Tokenization
Tokenization is the process of breaking text into smaller units called tokens. This is one of the most fundamental steps in NLP, as the choice of tokenization strategy directly impacts vocabulary size, model performance, and downstream task accuracy.
Word-Level Tokenization
The simplest approach splits text by whitespace and punctuation.
# Basic whitespace tokenization
text = "Natural language processing is amazing!"
tokens = text.split()
print(tokens)
# ['Natural', 'language', 'processing', 'is', 'amazing!']

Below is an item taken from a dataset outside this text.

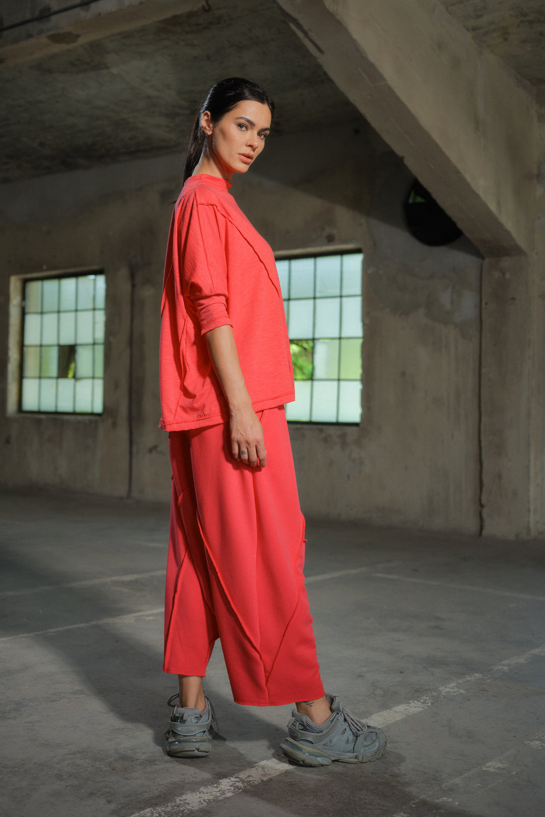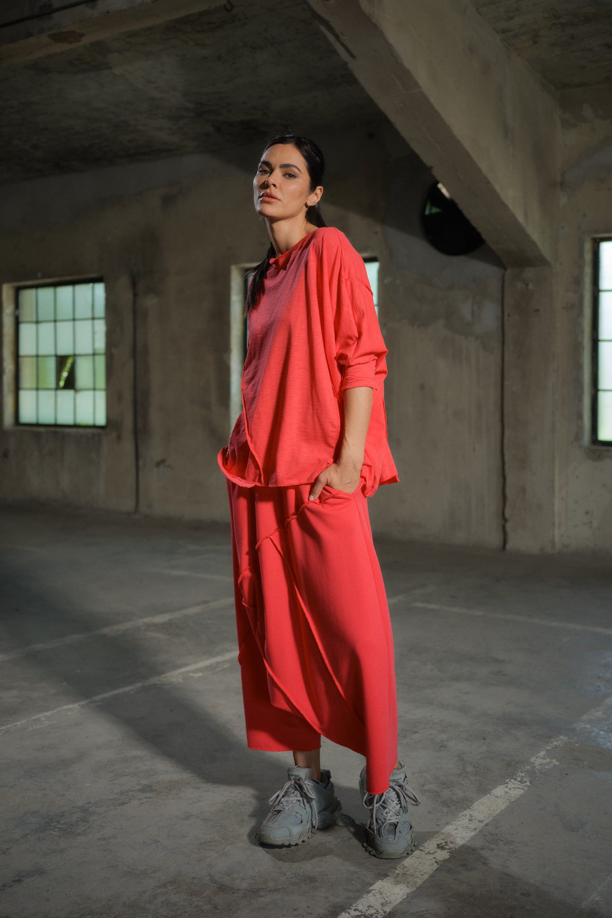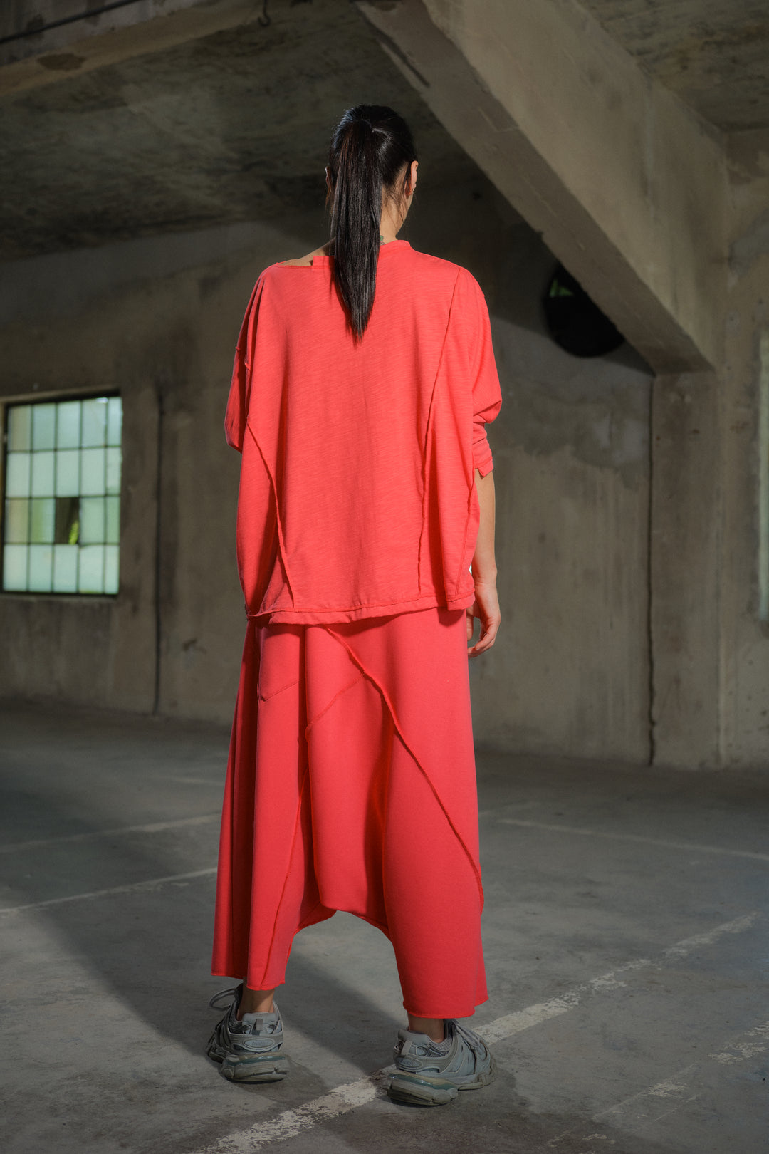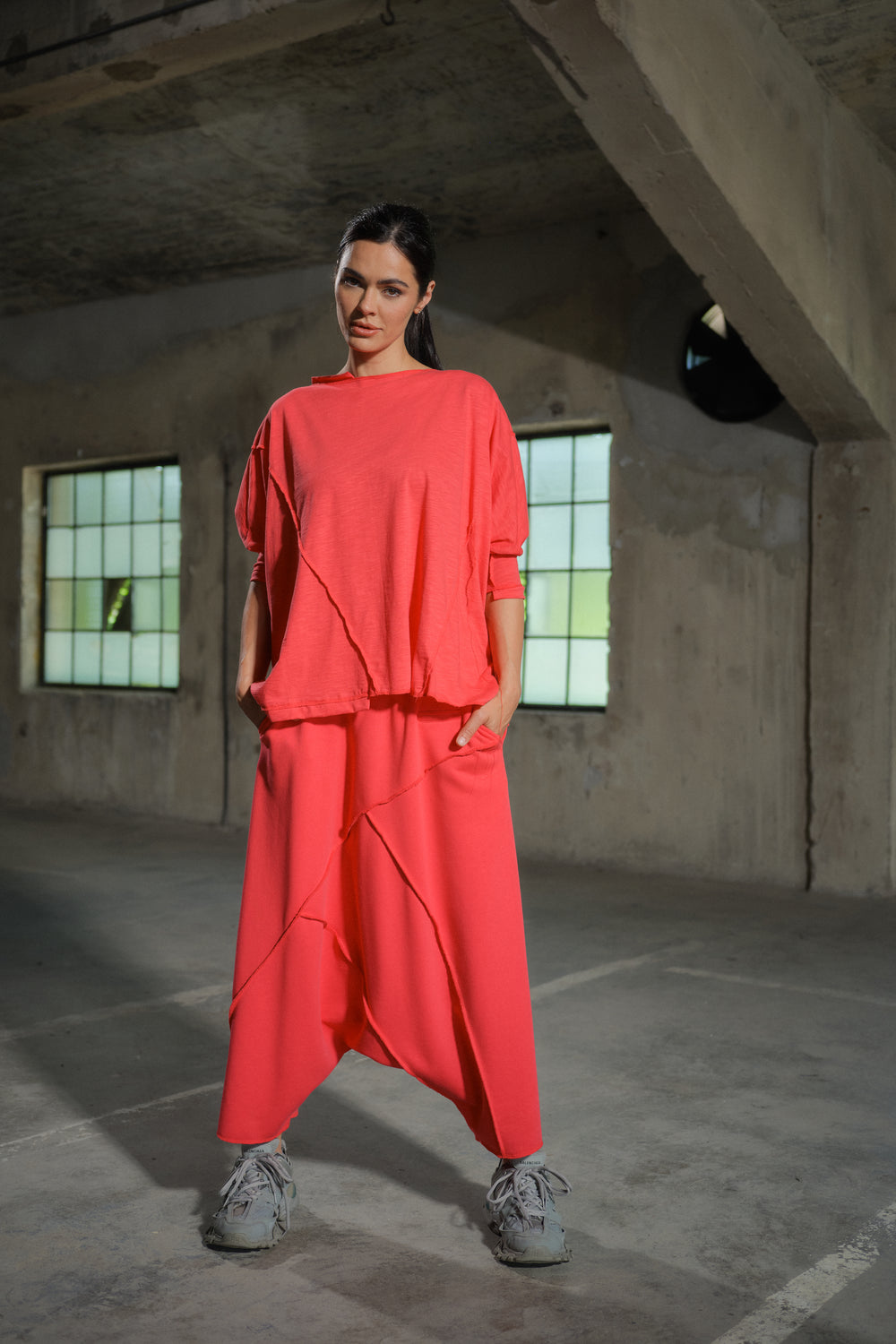 Introducing our asymmetrical viscose top – an avant-garde masterpiece blending artistic innovation with effortless style. Adorned with exquisite overlock decorations, this unique garment is a true statement piece.

Punctuation-Aware Tokenization
import re
def word_tokenize(text):
# Split on whitespace and punctuation boundaries
pattern = r"\b\w+\b|[^\w\s]"
return re.findall(pattern, text)
text = "Don't stop! NLP's future is bright."
print(word_tokenize(text))
# ["Don't", 'stop', '!', 'NLP', "'", 's', 'future', 'is', 'bright', '.']
Using NLTK
from nltk.tokenize import word_tokenize
tokens = word_tokenize("Don't stop. NLP's future is bright.")
print(tokens)
# ['Do', "n't", 'stop', '.', 'NLP', "'s", 'future', 'is', 'bright', '.']
Subword Tokenization
Subword tokenization balances between word-level and character-level approaches. It handles out-of-vocabulary (OOV) words by breaking them into known subword units.
Byte Pair Encoding (BPE)
BPE starts with individual characters and iteratively merges the most frequent pairs.
# BPE conceptually:
# Vocabulary starts: {'a', 'b', 'c', ..., 'z', ' '}
# Iteration 1: Most common pair "t h" -> merge to "th"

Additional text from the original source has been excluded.